The infirmary was well stocked, but was more of a supply closet with a worktable than an actual place to host sick faeries. I supposed that was all they needed when they could heal themselves with their immortal powers. But this wound—this wound wasn't healing.
Phoebus slumped against the edge of the table, pressing his already bloodied hand against the wound in an attempt to stop the bleeding. He watched me sort through the supplies in the cabinets and drawers. When I'd gathered what I needed, I tried not to balk at the thought of touching him, but ... I didn't let myself give in to my dread as I watched him peel off his shirt. I examined the wound, prodding the edges a little, the heat of his skin like an inferno against my cool fingers. It was deep, and there was some sort of a black powder that had coated the wound.
"There was a poison which coated the arrow," Phoebus whispered as he watched me, "it stops my healing powers to heal my body temporarily."
I nodded my head and swiped some of the remaining powder left on his golden skin. Sniffing it lightly, I froze. With the same sweet fragrance, tinged with the stench of rotting meat, I stopped breathing.
Black milkweed.
"Who attacked you?" My voice was too harsh to be ordinary.

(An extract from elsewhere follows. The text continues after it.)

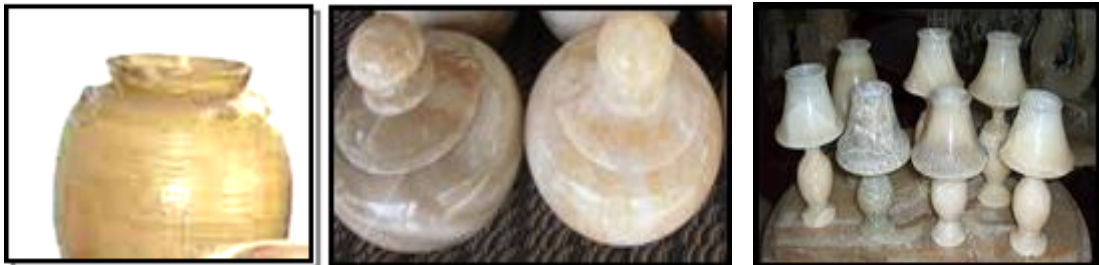
Gambar 1. Hasil karya kerajinan guci, kendi air, lampu hias yang berasal dari bahan baku batu bintang

Phoebus winced in pain—the emotion quickly flickering on his face before it was gone—as he shifted against the table. "One of their spies. They caught me unprepared as I was tracking the Baphomet."
I didn't need Phoebus to say who their was to know who they are. "How?"
He sighed. "I don't know. But I am only concerned because they are nearing the border ... testing out the defences. And now with the poison they have, war could very well brew again."
I said nothing—had nothing to say—as I cleaned off his bloody wound, bracing for the first flash of those talons. But his talons remained retracted, and he kept silent as I stitched the wound and bound and wrapped his torso. If the attackers had grabbed hold of the black milkweed, then, there was still a chance at finding it. Perhaps it could be near the war camps, where they had last struck.
I secured the bandages in place and stepped away, bringing the bowl of bloody water to the deep sink in the back of the room. His eyes were a brand upon me as I finished cleaning, and the room became too small, too hot. He'd killed the Baphomet and walked away relatively unscathed other than the injury to his stomach. If Phoebus was that powerful, then the Imperial Lords of Asteria must be near-gods. Every mortal instinct in my body bleated in panic at the thought.
I was almost at the open door, stifling the urge to bolt back to my room, when he said, "You can't write, yet you learned to hunt, to survive. How?"
I paused with my foot on the threshold. "That's what happens when you're responsible for lives other than your own, isn't it? You do what you have to do."
He was still sitting on the table, still straddling that inner line between here and now and wherever he'd had to go in his mind to endure the fight with the Baphomet. I met his feral and glowing stare.
"You aren't what I expected—for a human," he said.
I didn't reply. And he didn't say good-bye as I walked out.